## What the task asks
Gather every line below where "Grand" appears.
━━━━
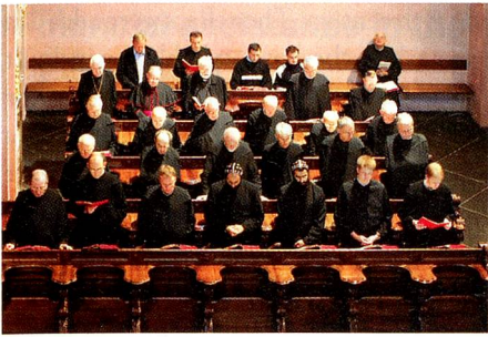
Monks at prayer
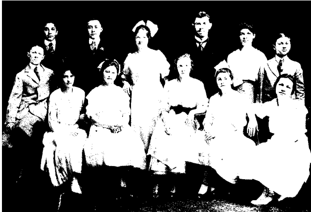
1916 Confirmation Class
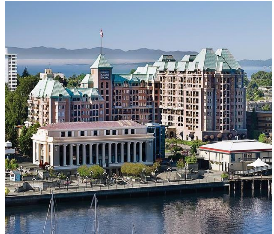
The Hotel Grand Pacific

We will be staying four nights at The Hotel Grand Pacific, a 4-star hotel located on Victoria’s Inner Harbor. This full-service hotel features three dining options and a fully equipped Fitness Facility, including a swimming pool. Tonight’s dinner will be at the one of hotel’s restaurants.
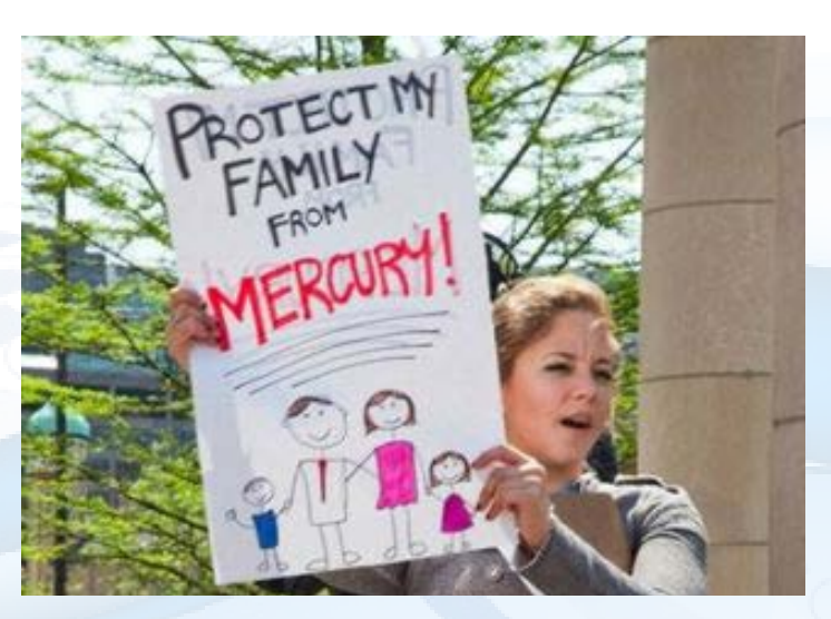
Mercury pollution is an immediate threat to public health and a persistent threat to future generations.

We will need you to help us make sure Kentucky officials, and ORSANCO knows "no more mixing zones for mercury". We'll have more on the issue in the next newsletter and will likely have e-action alerts and other notices as well. Be on the lookout this spring – and please take action. We can't emphasize enough the seriousness of this situation. Mercury persists in the environment for a long time so this problem is likely to get worse for years, maybe decades before it gets better.
━━━━
## Response area
The Hotel Grand Pacific
We will be staying four nights at The Hotel Grand Pacific, a 4-star hotel located on Victoria’s Inner Harbor. This full-service hotel features three dining options and a fully equipped Fitness Facility, including a swimming pool. Tonight’s dinner will be at the one of hotel’s restaurants.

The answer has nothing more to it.